(ENTRIES PROVIDED begins)
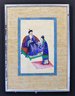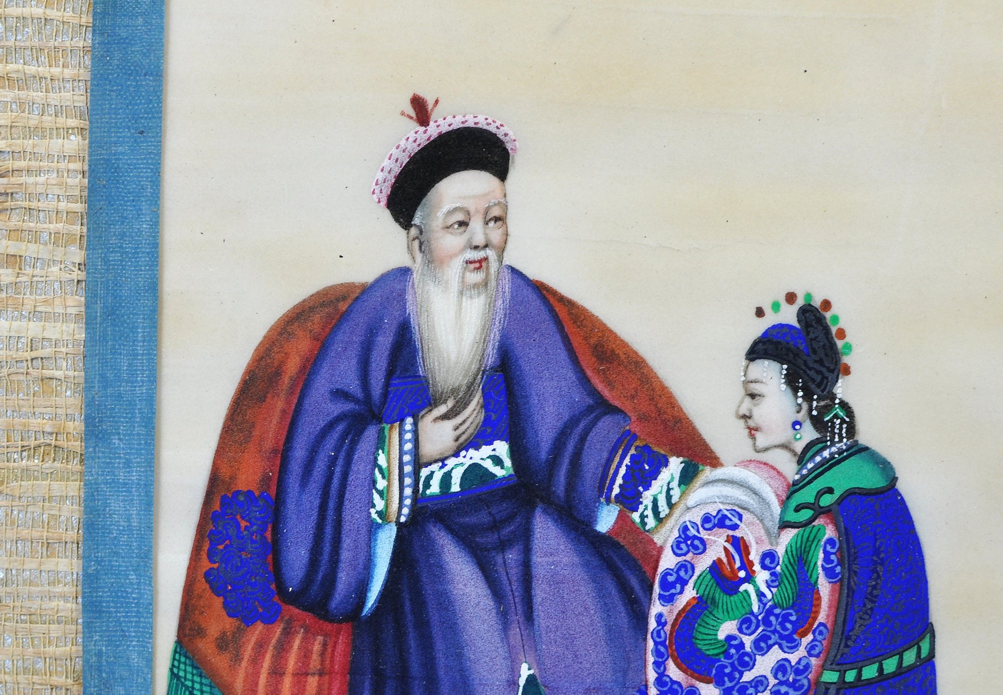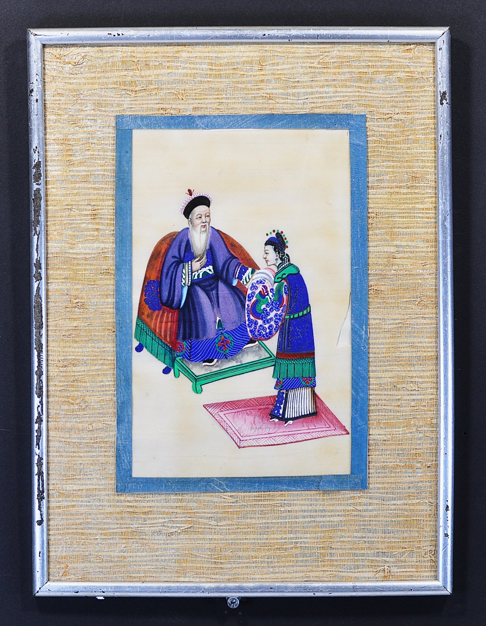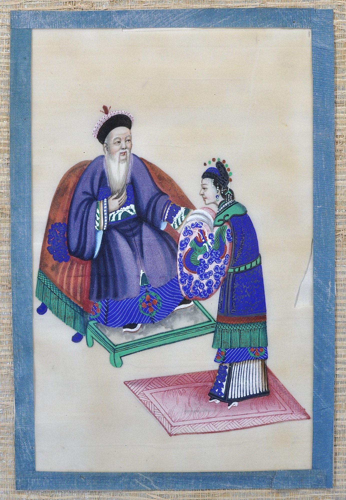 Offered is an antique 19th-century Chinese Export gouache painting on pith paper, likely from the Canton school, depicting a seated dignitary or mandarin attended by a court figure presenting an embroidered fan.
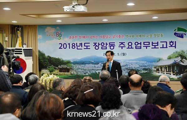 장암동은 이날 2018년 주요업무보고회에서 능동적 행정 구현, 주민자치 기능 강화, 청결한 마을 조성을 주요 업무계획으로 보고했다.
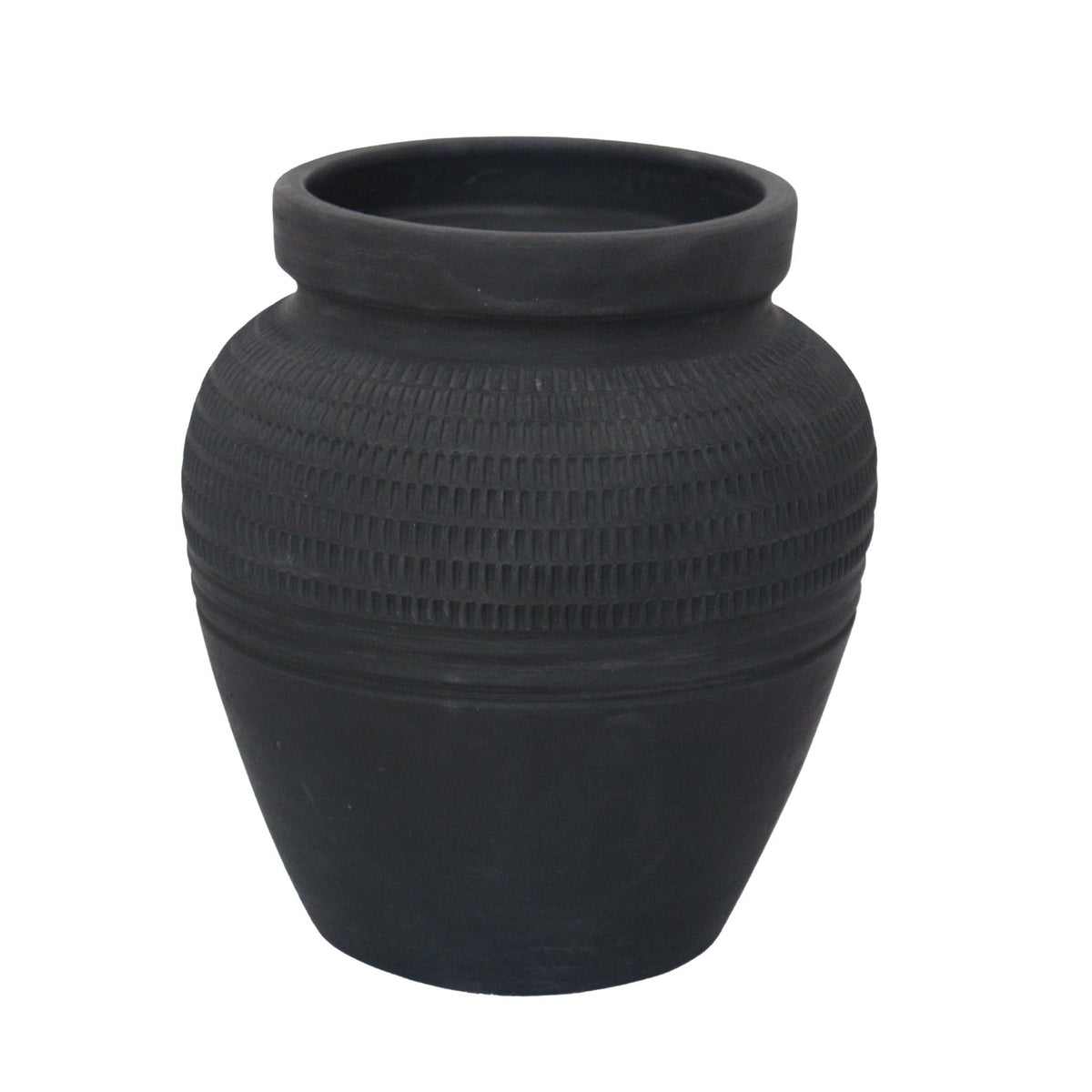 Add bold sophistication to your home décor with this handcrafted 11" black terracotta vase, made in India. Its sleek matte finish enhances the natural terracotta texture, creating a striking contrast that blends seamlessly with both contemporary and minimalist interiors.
(ENTRIES PROVIDED ends)
(ENTRIES PROVIDED begins)
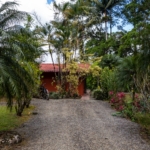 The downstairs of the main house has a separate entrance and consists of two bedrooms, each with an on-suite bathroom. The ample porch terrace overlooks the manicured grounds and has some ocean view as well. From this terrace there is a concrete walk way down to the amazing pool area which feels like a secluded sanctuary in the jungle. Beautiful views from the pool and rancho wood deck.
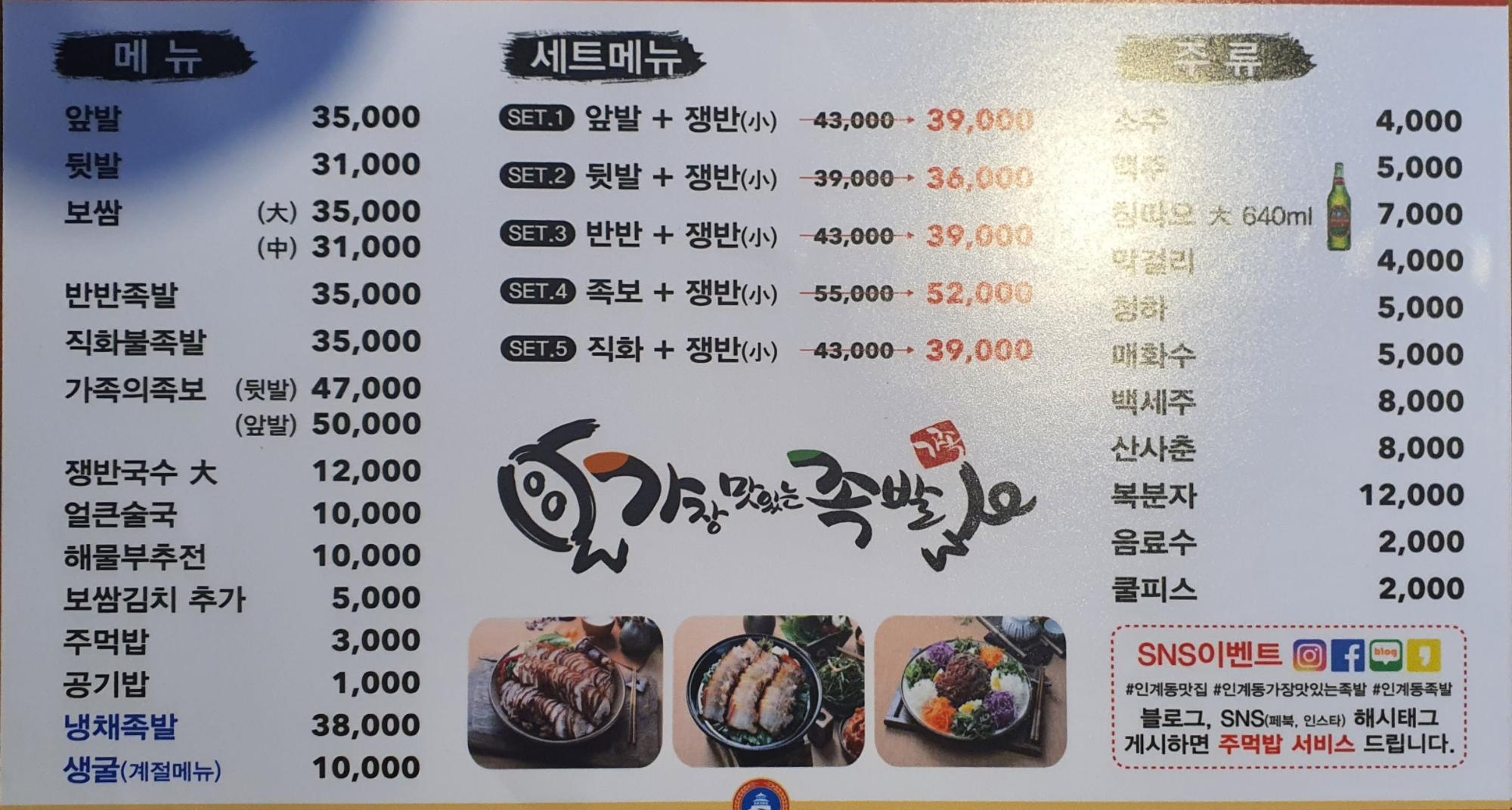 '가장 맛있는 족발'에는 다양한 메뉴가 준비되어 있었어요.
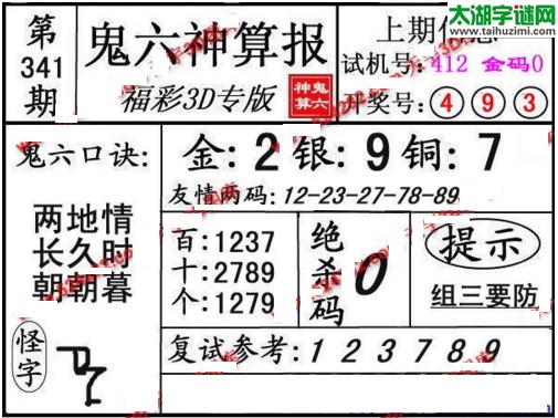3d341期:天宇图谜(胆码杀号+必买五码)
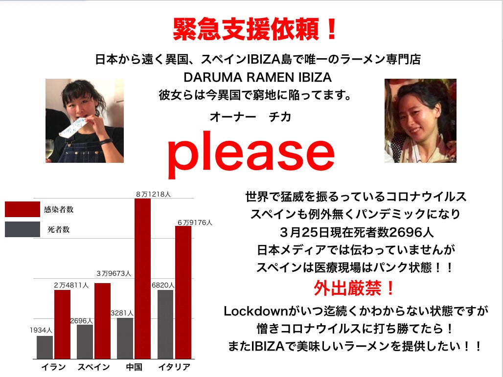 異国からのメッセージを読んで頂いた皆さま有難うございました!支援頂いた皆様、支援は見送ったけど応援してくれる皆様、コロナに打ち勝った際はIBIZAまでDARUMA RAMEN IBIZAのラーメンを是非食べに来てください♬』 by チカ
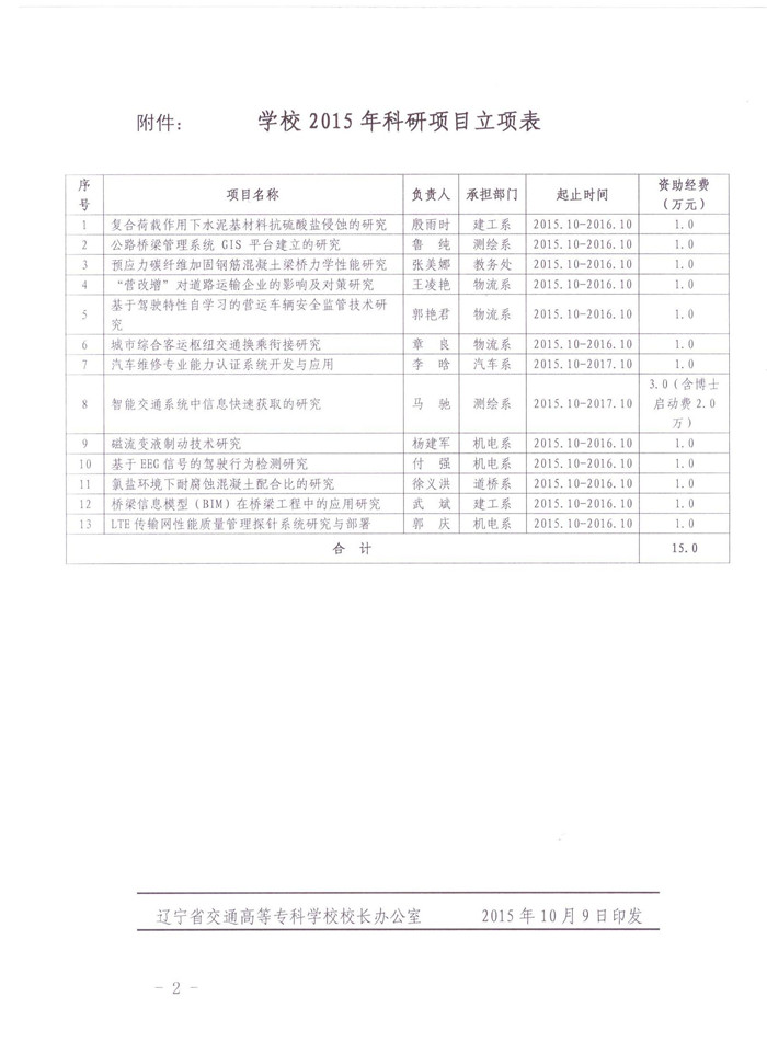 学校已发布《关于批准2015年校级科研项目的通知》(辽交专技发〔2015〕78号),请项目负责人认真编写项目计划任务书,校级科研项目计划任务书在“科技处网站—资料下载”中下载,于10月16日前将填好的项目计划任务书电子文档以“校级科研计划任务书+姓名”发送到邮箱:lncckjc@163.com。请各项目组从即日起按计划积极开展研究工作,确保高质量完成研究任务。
(ENTRIES PROVIDED ends)
EXERCISE DETAILS: Range to copy from the listing above: the line containing "장암동은 이날 2018년" down to the line containing "Add bold sophistication", both included. Reproduce it exactly, minus the pictures, and add nothing.

ANSWER TO THE PROBLEM:
 장암동은 이날 2018년 주요업무보고회에서 능동적 행정 구현, 주민자치 기능 강화, 청결한 마을 조성을 주요 업무계획으로 보고했다.
 Add bold sophistication to your home décor with this handcrafted 11" black terracotta vase, made in India. Its sleek matte finish enhances the natural terracotta texture, creating a striking contrast that blends seamlessly with both contemporary and minimalist interiors.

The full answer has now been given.